__Work item__. Return each line of the data below verbatim; pictures are to be left out.

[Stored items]
···
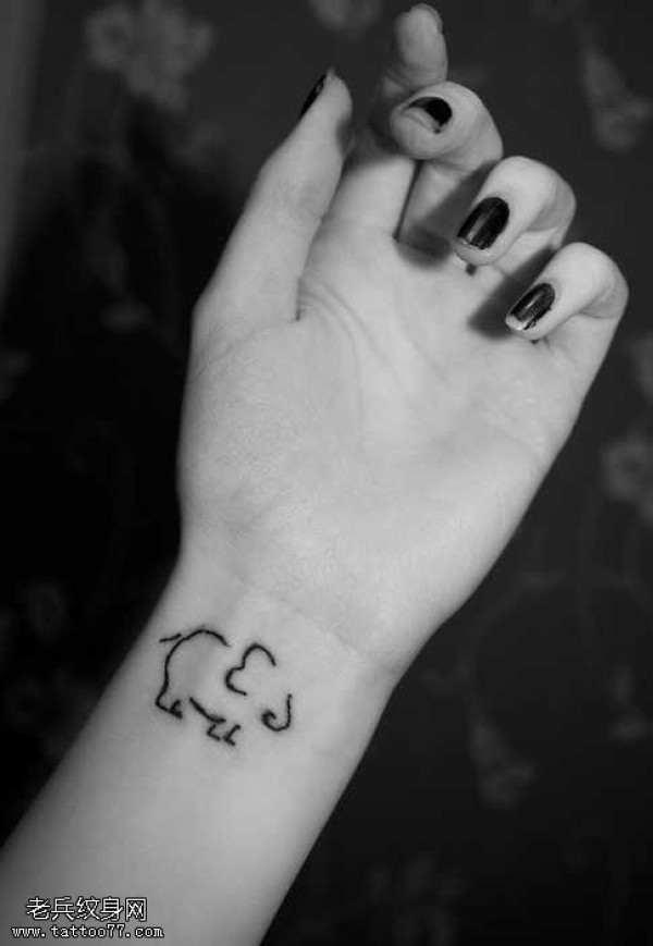 手腕可爱的小象图腾纹身图案
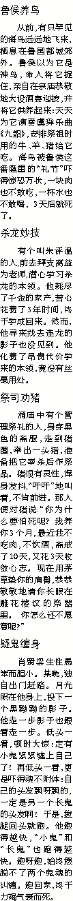 有个叫朱评温的人,前去拜支离益为老师,潜心学习杀龙的本领。他耗尽了千金的家产,苦心花费了3年时间,终于学成回来。然而,他寻来找去连龙的影子也没见到。他化费了昂贵代价学来的本领,竟没有丝毫用处。
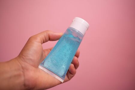 Close up hand holding alcohol gel bottle with protected corona or Covid-19 virus on pink pastel background.
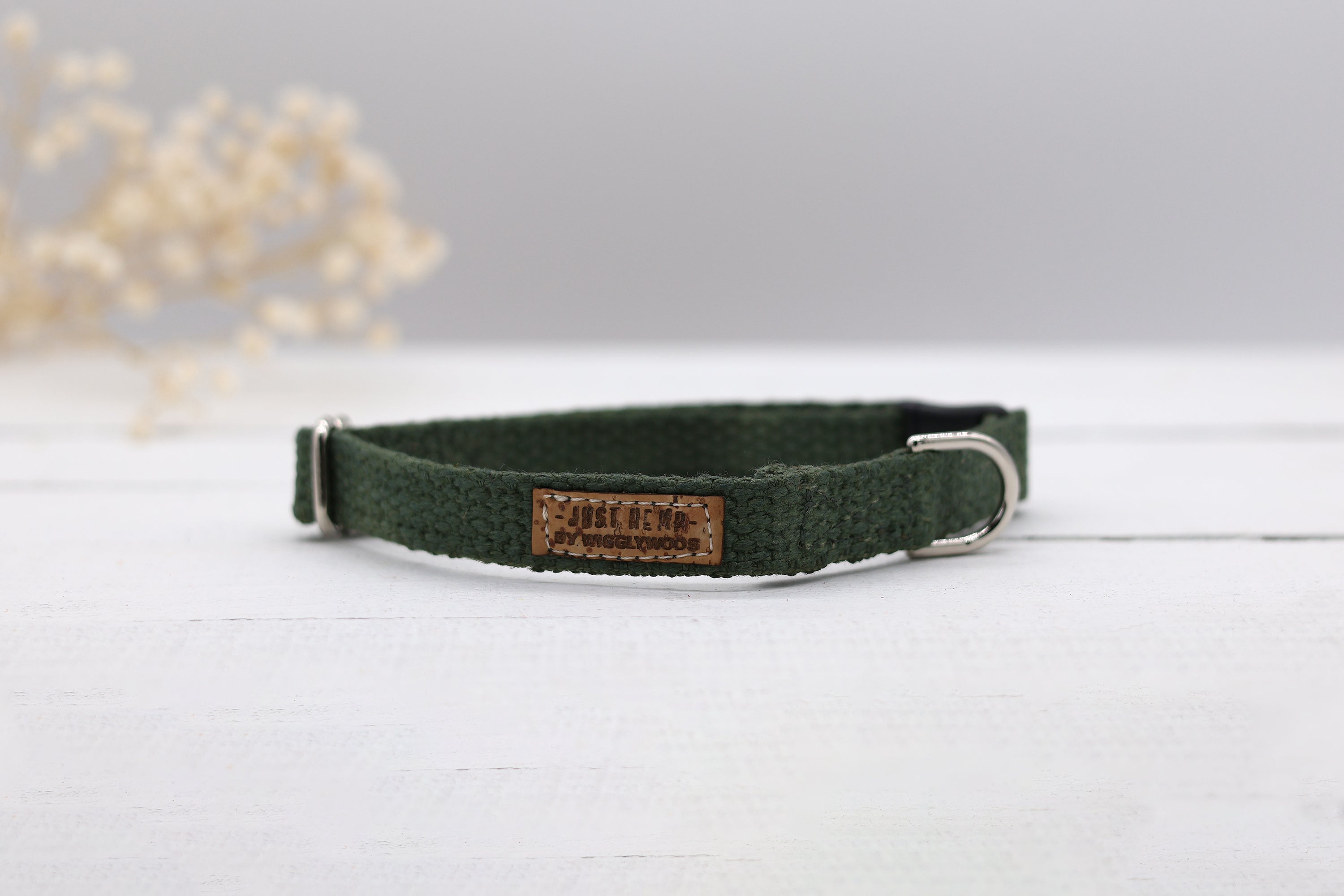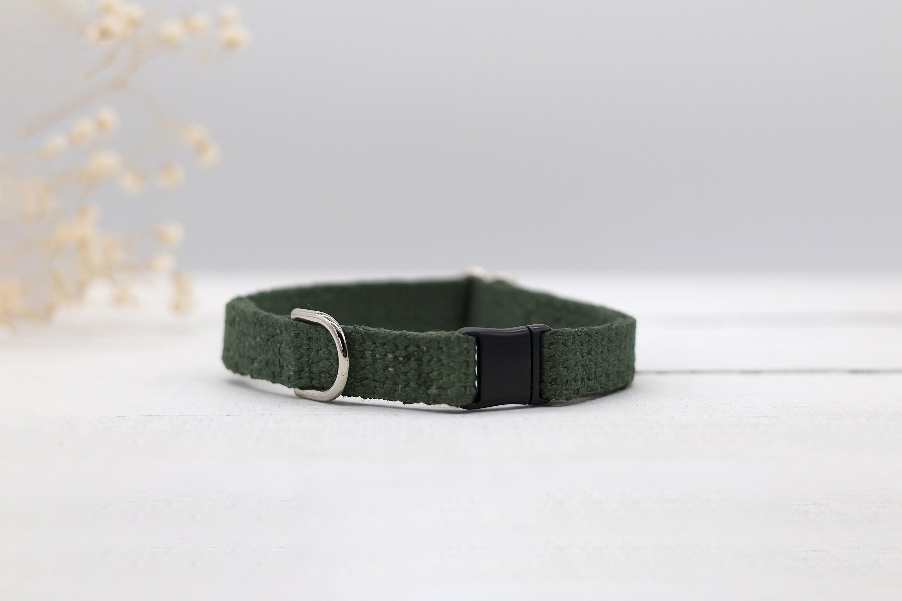 Eco friendly, lightweight Just Hemp Cat Collar. The sage green cat collar is hand-dyed in our studio and comes with a breakaway buckle and a D-ring to attach pet tag (not for leash attachment).
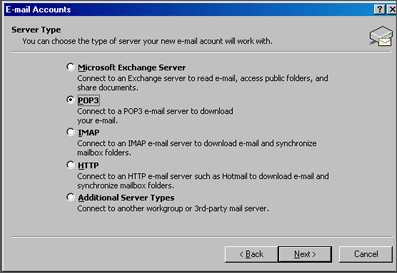 3. Select POP3 and then click Next.
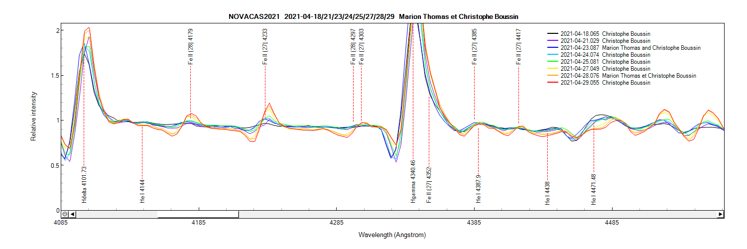 You did a great job with the animation of your spectra, very interesting and very educational which shows so well the evolution of the Balmer, He I and Fe II lines !!
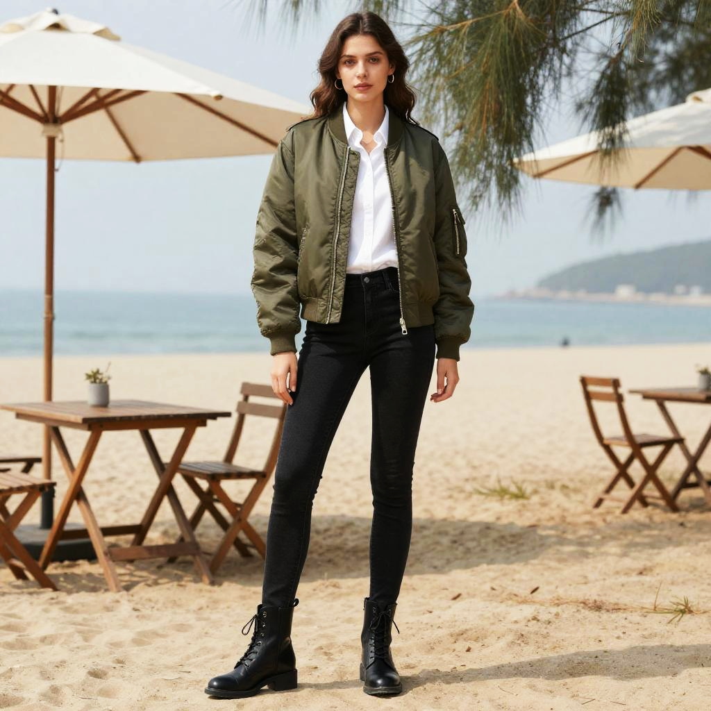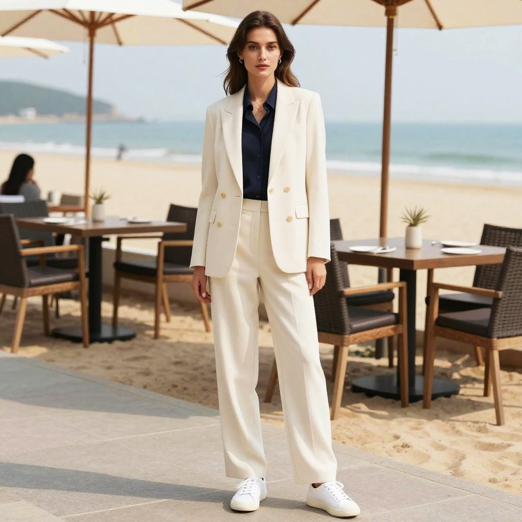 A tall woman in a contemporary minimalist sleeveless cream mini dress with a pleated skirt and black ankle boots stands on a luxury hotel private beach cabana, surrounded by soft ocean waves and palm trees. Visual style: wit studio. Sexy. Pretty face and beutiful eyes
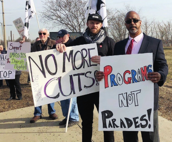 The cuts are part of a schoolwide crisis of staff layoffs, program cancellations and increased tuition rates to offset UMass Boston’s $30 million budget deficit, linked to campus construction projects.
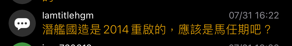 → Iamtitlehgm : 潛艦國造是2014重啟的,應該是馬任期吧? 07/31 16:22
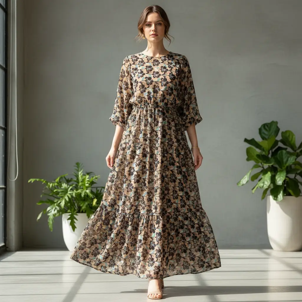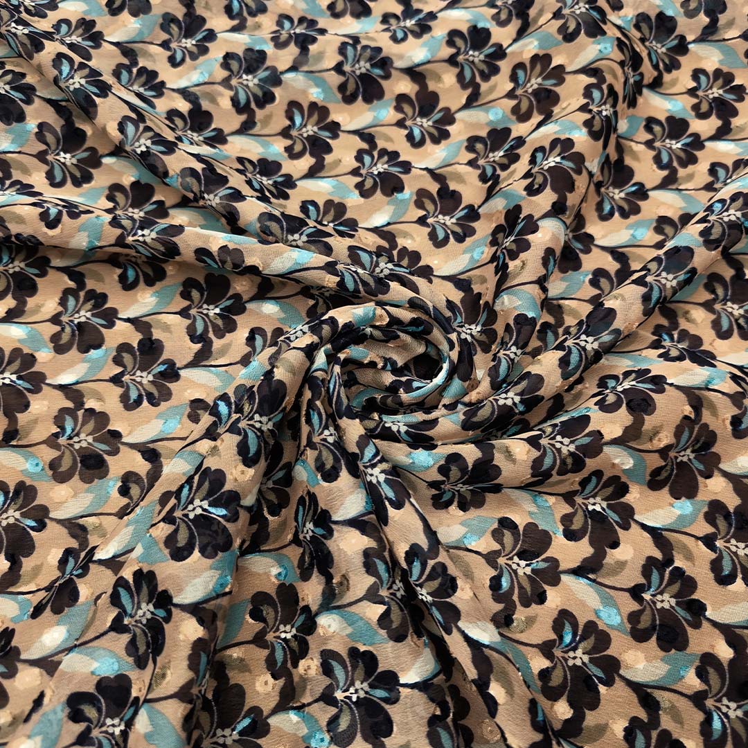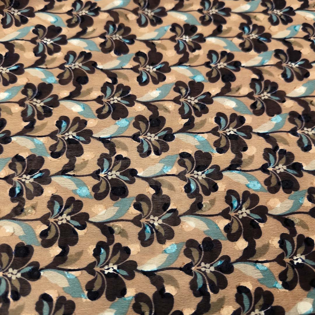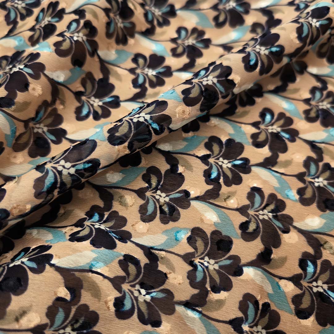 Tessuto Georgette a fantasia dalla mano fine, morbida e granulosa, leggermente trasparente, si presta alla realizzazione di camicie, abiti, gonne e bluse.
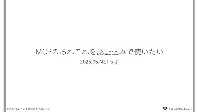 Takas(@DevTakas) MCPのあれこれを認証込みで使いたい MCPのあれこれを認証込みで使いたい 2025.05.NETラボ
···
__Response__.
 手腕可爱的小象图腾纹身图案
 有个叫朱评温的人,前去拜支离益为老师,潜心学习杀龙的本领。他耗尽了千金的家产,苦心花费了3年时间,终于学成回来。然而,他寻来找去连龙的影子也没见到。他化费了昂贵代价学来的本领,竟没有丝毫用处。
 Close up hand holding alcohol gel bottle with protected corona or Covid-19 virus on pink pastel background.
 Eco friendly, lightweight Just Hemp Cat Collar. The sage green cat collar is hand-dyed in our studio and comes with a breakaway buckle and a D-ring to attach pet tag (not for leash attachment).
 3. Select POP3 and then click Next.
 You did a great job with the animation of your spectra, very interesting and very educational which shows so well the evolution of the Balmer, He I and Fe II lines !!
 A tall woman in a contemporary minimalist sleeveless cream mini dress with a pleated skirt and black ankle boots stands on a luxury hotel private beach cabana, surrounded by soft ocean waves and palm trees. Visual style: wit studio. Sexy. Pretty face and beutiful eyes
 The cuts are part of a schoolwide crisis of staff layoffs, program cancellations and increased tuition rates to offset UMass Boston’s $30 million budget deficit, linked to campus construction projects.
 → Iamtitlehgm : 潛艦國造是2014重啟的,應該是馬任期吧? 07/31 16:22
 Tessuto Georgette a fantasia dalla mano fine, morbida e granulosa, leggermente trasparente, si presta alla realizzazione di camicie, abiti, gonne e bluse.
 Takas(@DevTakas) MCPのあれこれを認証込みで使いたい MCPのあれこれを認証込みで使いたい 2025.05.NETラボ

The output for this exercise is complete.